Jan Markmann hat sein Smartphone wieder.

Köln – Jan Markmann war auf der Suche nach einer neuen Jeans, als in der Umkleidekabine von H&M das Malheur passierte: Der Software-Entwickler hatte dort nicht nur einen Stapel Hosen liegenlassen, die ihm nicht gefielen, sondern auch sein Smartphone. Doch der 33-Jährige blieb gelassen, denn er wusste, was passieren würde: Wenige Stunden später ging zu Hause auf seinem Rechner die erste Mail von seinem Handyanbieter ein und zeigte ihm an, dass sein Telefon geortet wurde.

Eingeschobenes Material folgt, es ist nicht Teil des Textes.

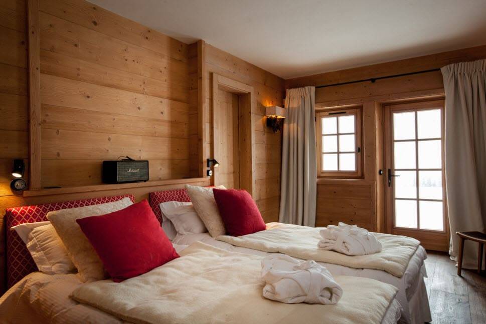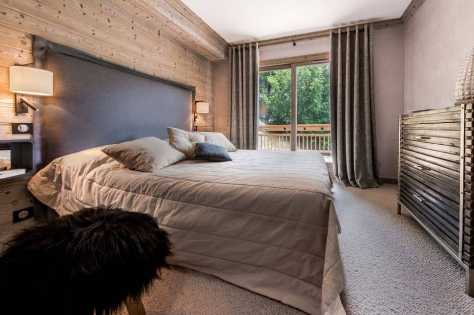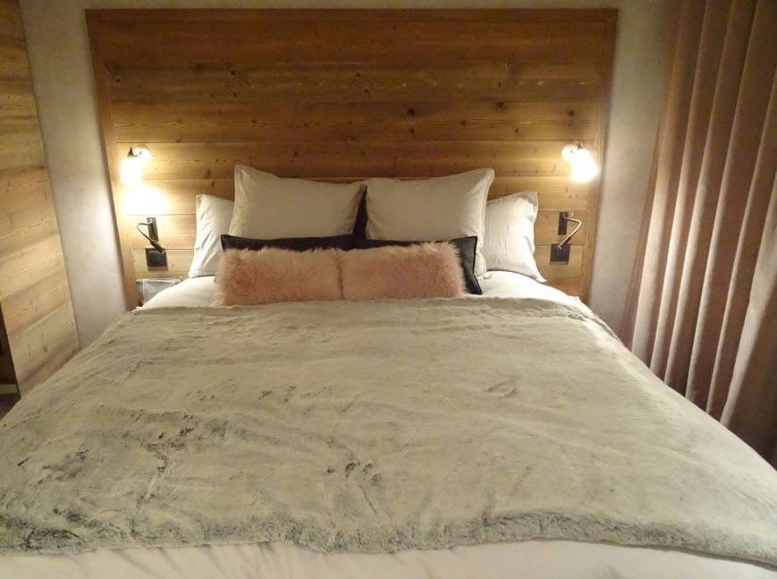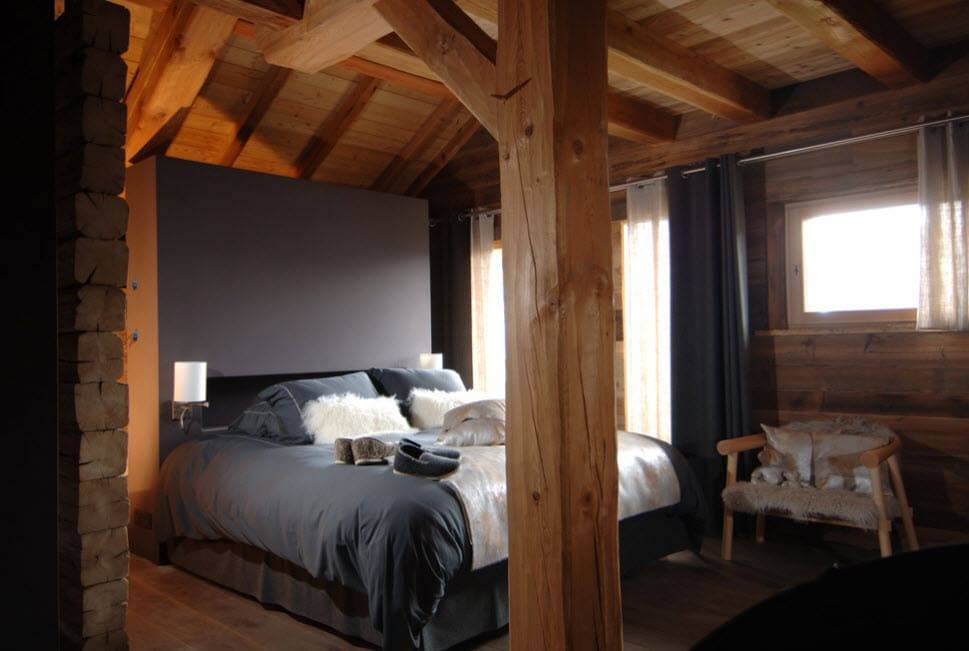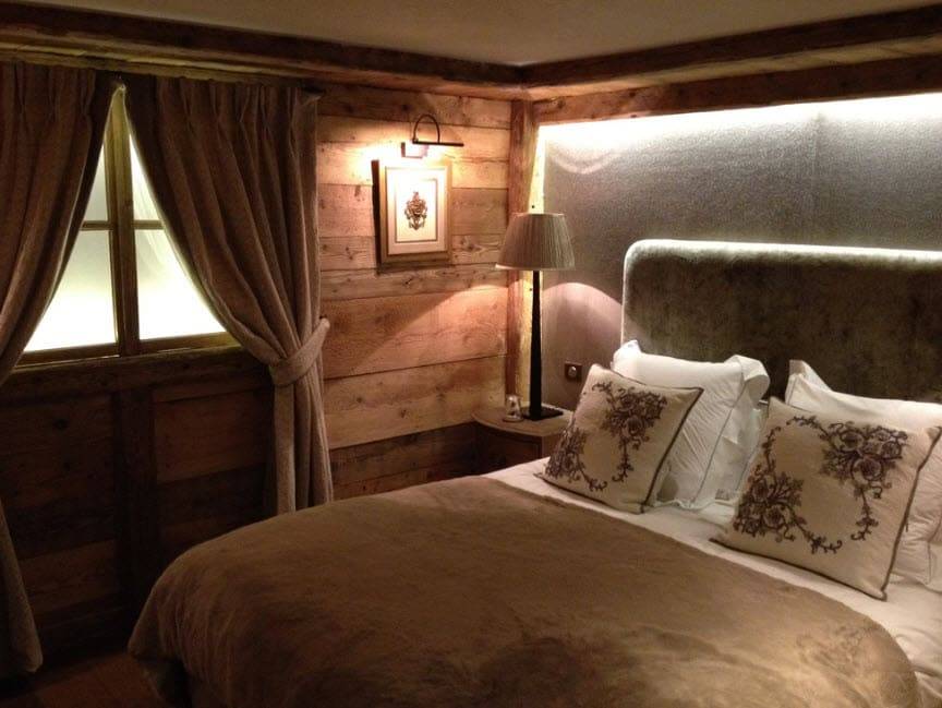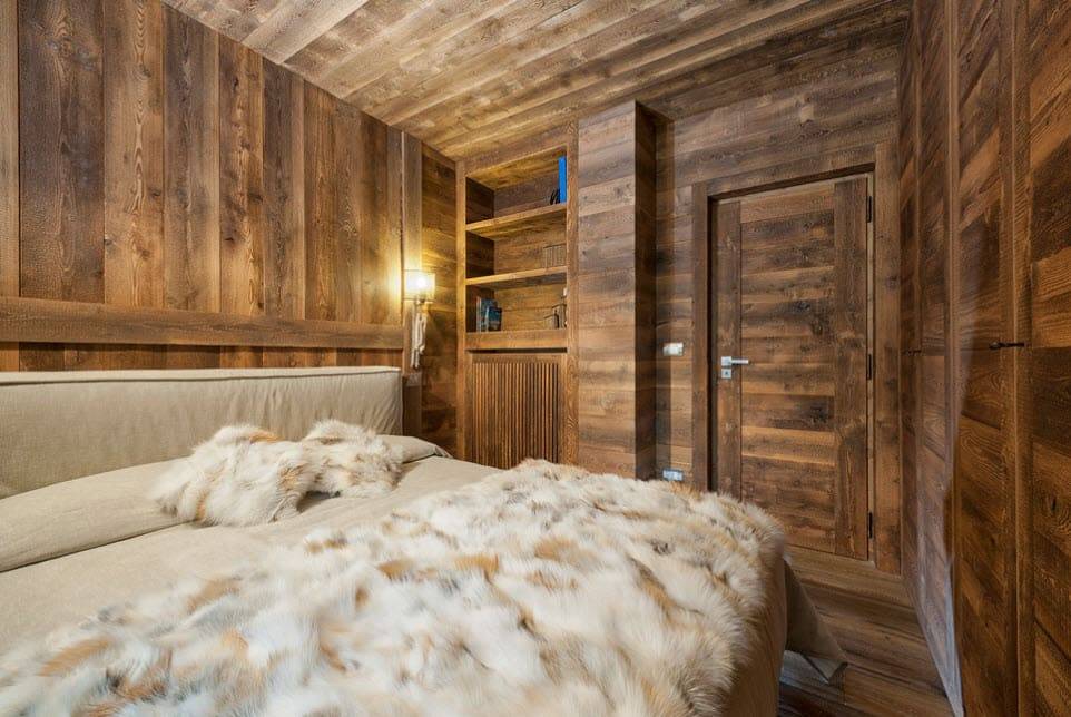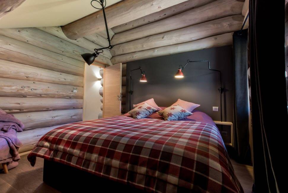 Уютный и натуральный альпийский стиль шале в интерьере спальни
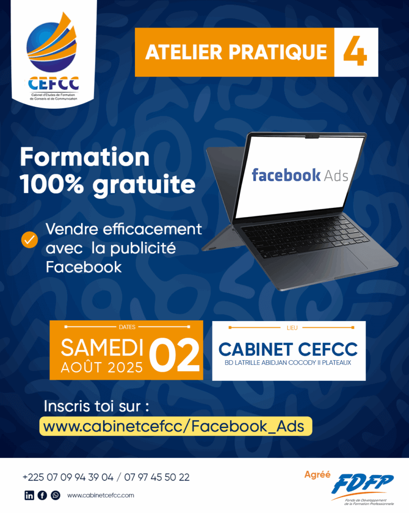 Rejoins-nous ce samedi 02 août 2025 pour une formation exclusive et 100% pratique au Cabinet CEFCC, situé à Cocody Deux-Plateaux, Abidjan.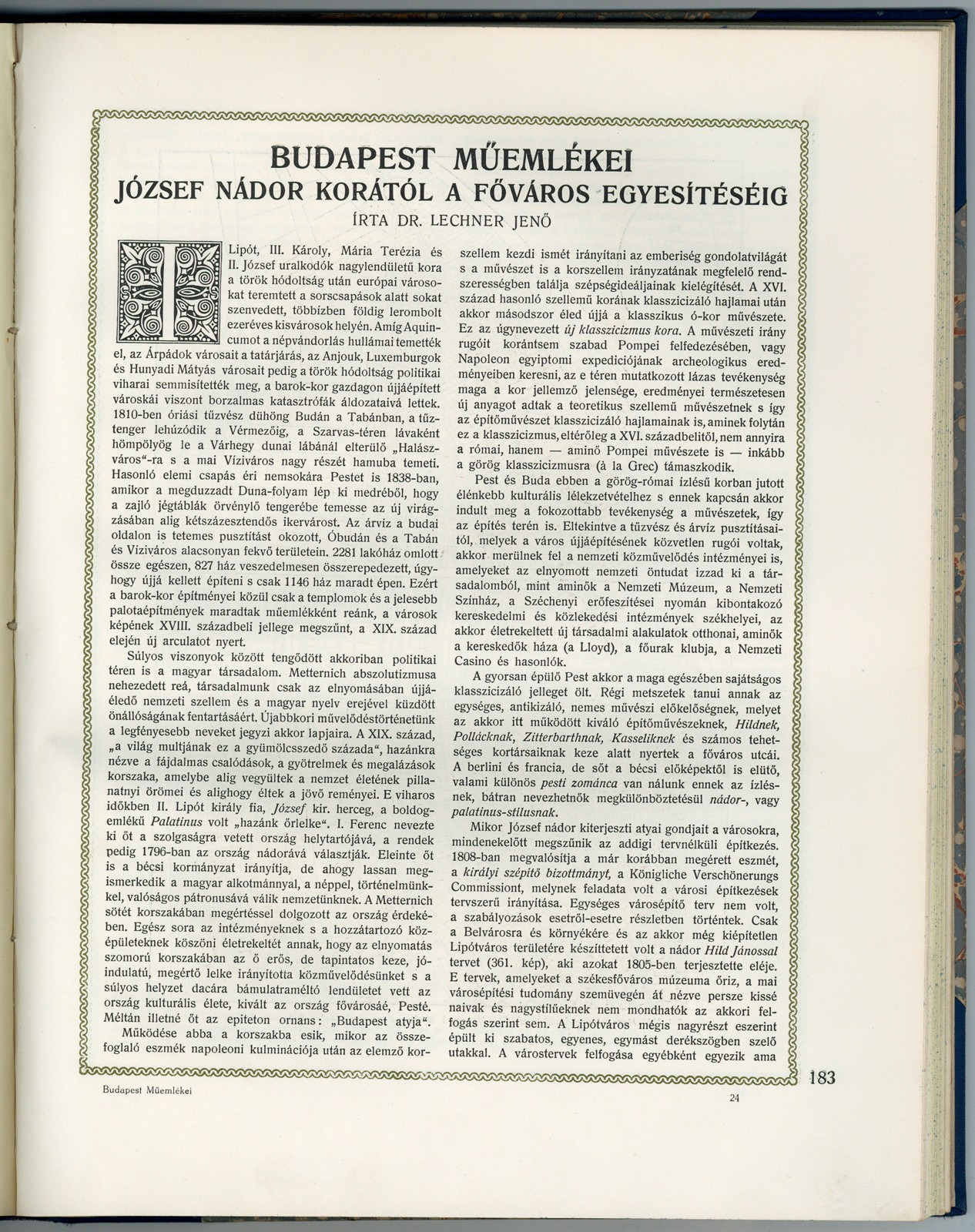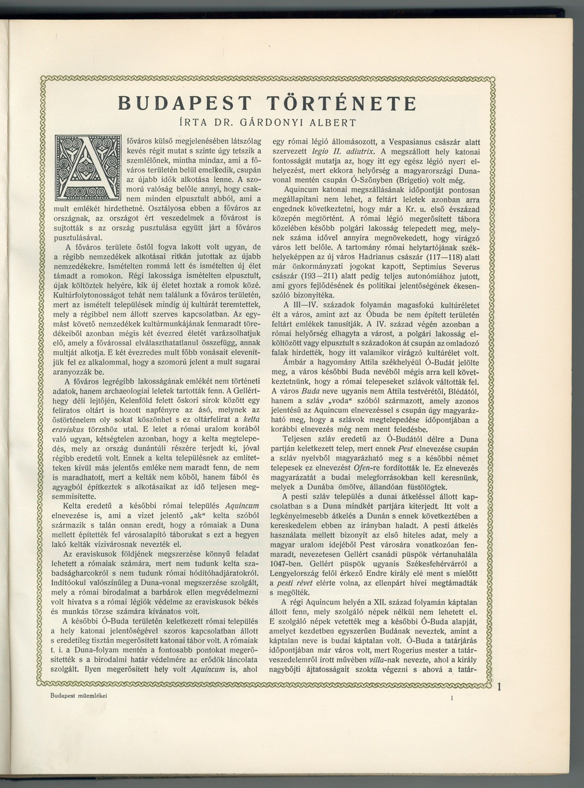 A Lechner Jenő szerkesztésében megjelent kötet nyolc kiváló tudósnak (Gárdonyi Albert, Kuzsinszky Bálint, Szőnyi Ottó, Lux Kálmán, Csányi Károly, Foerk Ernő, Kertész K. Róbert, Lechner Jenő) a jubileumi ünnepség kapcsán tartott előadásait tartalmazza. A mű összefüggő képet kívánt nyújtani az egyesített három város fejlődéséről és műemlékei történetéről a kezdetektől a főváros egyesítéséig. A nyitó tanulmányban egy átfogó Budapest történetet ismerhetünk meg Gárdonyi Albert tollából, majd a kronológiai idővonalat megtartva megismerhetjük a legrégebbi, aquincumi műemlékeket, a románkori, a gótikus, a reneszánsz „stíluskorszak” műemlékeit, a török hódoltság időszakát, a barokk kor emlékeit. Az utolsó írás a József nádor korától az egyesítésig terjedő időszakot öleli fel. A kötet készítői nagy hangsúlyt fektettek arra, hogy a külföldi olvasók és kutatók számára is hozzáférhetővé tegyék ezt az anyagot, ezért francia, angol, olasz és német nyelvű kivonatokat is készítettek a magyar szöveghez. A tanulmánykötet a maga korában úttörőnek számított nemcsak a műemlékek illusztrált bemutatása, a múltat a folyton fejlődő jelennel való összekapcsolásának gondolata miatt, hanem előadásmódjával is, amely a hazai műemlékek iránti érdeklődés szélesebb körökben való terjesztését tűzte ki célul. Hiszen a műemlékeinknek semmi más nem jelenthet akkora védelmet, mint a megtartást célját ismerő, a műemlékekért lelkesülő közvélemény. A helyesen kialakított műemléki közhangulat pedig maga a legjobb védelem.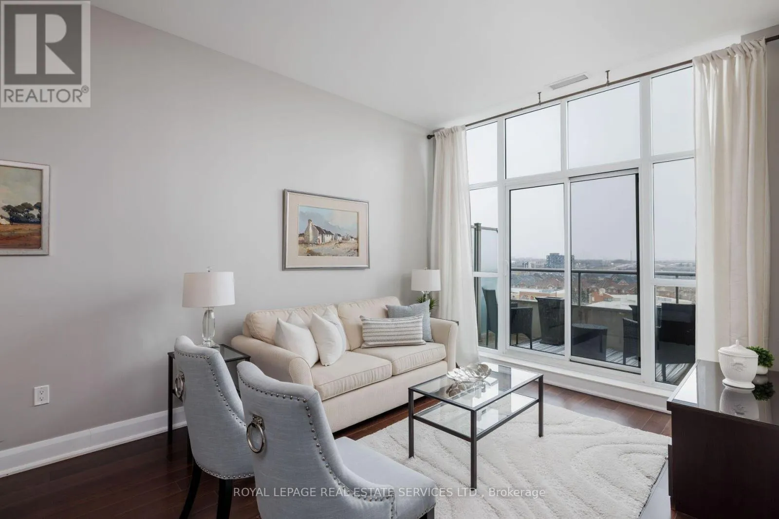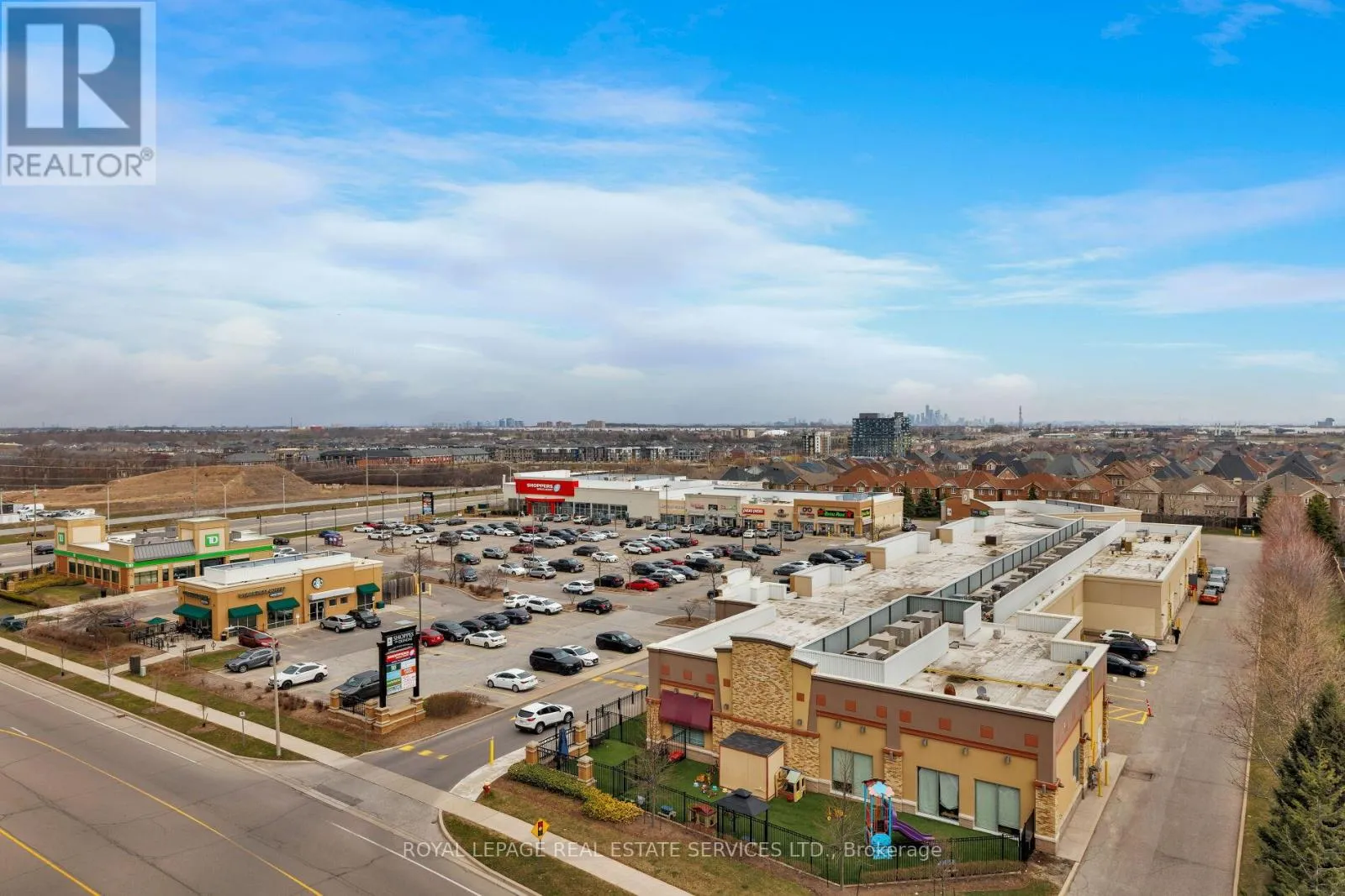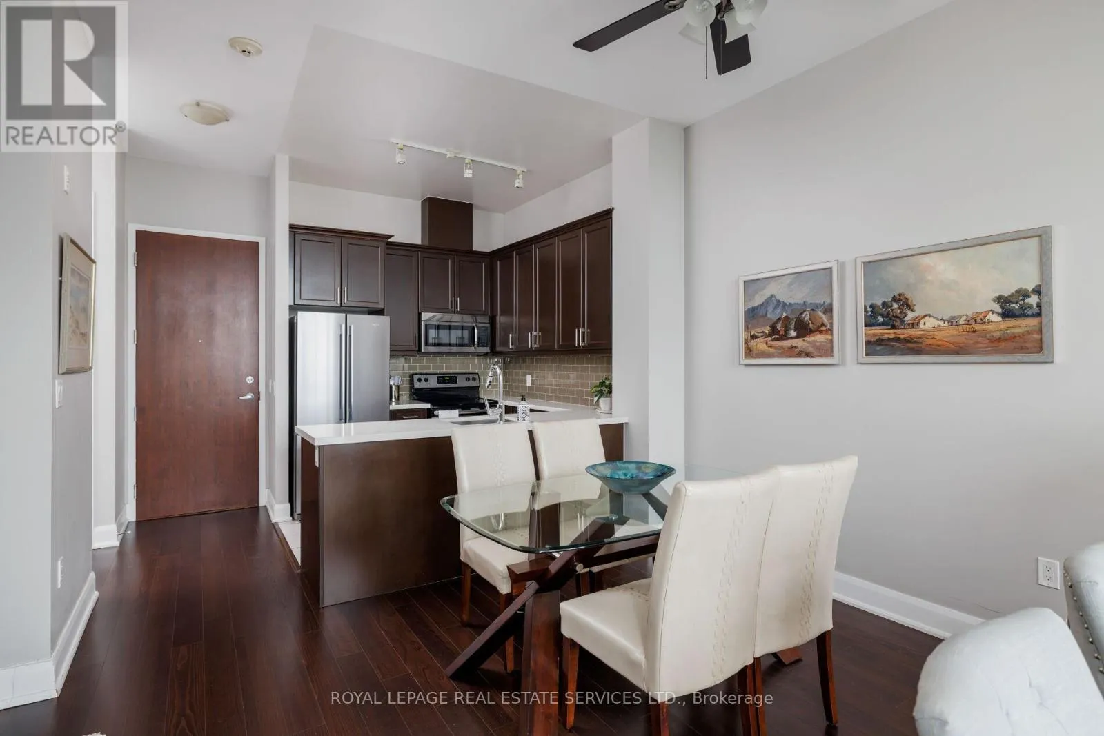 Cross Streets: Dundas & Prince Michael. ** Directions: Dundas - Prince Michael. Embrace stylish, contemporary living at Emporium Condos in sought-after Joshua Creek, ideally located within walking distance of restaurants, Starbucks, Shoppers Drug Mart, TD Bank and a medical centre, with Uptown Core and Oakville Trafalgar Memorial Hospital just minutes away. Commuters enjoy effortless access to transit, major highways and the GO Train. This beautifully updated 1-bedroom plus den suite on the 7th floor features soaring 10-ft ceilings, wide-plank flooring and large windows that flood the space with natural light. The open-concept living and dining area features a walkout to a private balcony, and the stylish kitchen offers dark, extended-height cabinetry, stone counters, a subway-tile backsplash, a peninsula/island and stainless-steel appliances. The spacious primary bedroom includes a huge window and mirrored closet doors, and the spa-inspired 3-piece bathroom features an oversized glass shower. A versatile den, in-suite laundry, underground parking and locker add convenience. The building impresses with landscaped grounds, a boutique-style lobby with fireplace and premium amenities including an indoor pool, whirlpool, fitness centre, theatre room and party space-delivering luxury, comfort and a low-maintenance lifestyle in a prime Oakville location. (id:27476)

Weil der Fachmann in Sachen neue Technologien sich damit aber längst nicht zufrieden gab, hatte er sich schon vor langer Zeit eine Spezial-Software heruntergeladen, mit deren Hilfe potenzielle Langfinger nicht nur geortet, sondern auch gleich mit Hilfe eines Selbstporträts, eines so genannten Selfies, festgehalten werden. „Derjenige, der den falschen Pin-Code eingibt, wird im selben Moment automatisch fotografiert,“ erklärte Markmann nicht ohne Stolz im Zeugenstand des Amtsgerichts das Prozedere des Sicherheitsprogramms. „Ich bekomme pro Tag mindestens zwei Selfies von mir, weil ich mich so oft vertippe“, fügte er schmunzelnd hinzu. Vor Gericht wurde am Donnerstag gegen den vermeintlichen Übeltäter wegen Fundunterschlagung verhandelt.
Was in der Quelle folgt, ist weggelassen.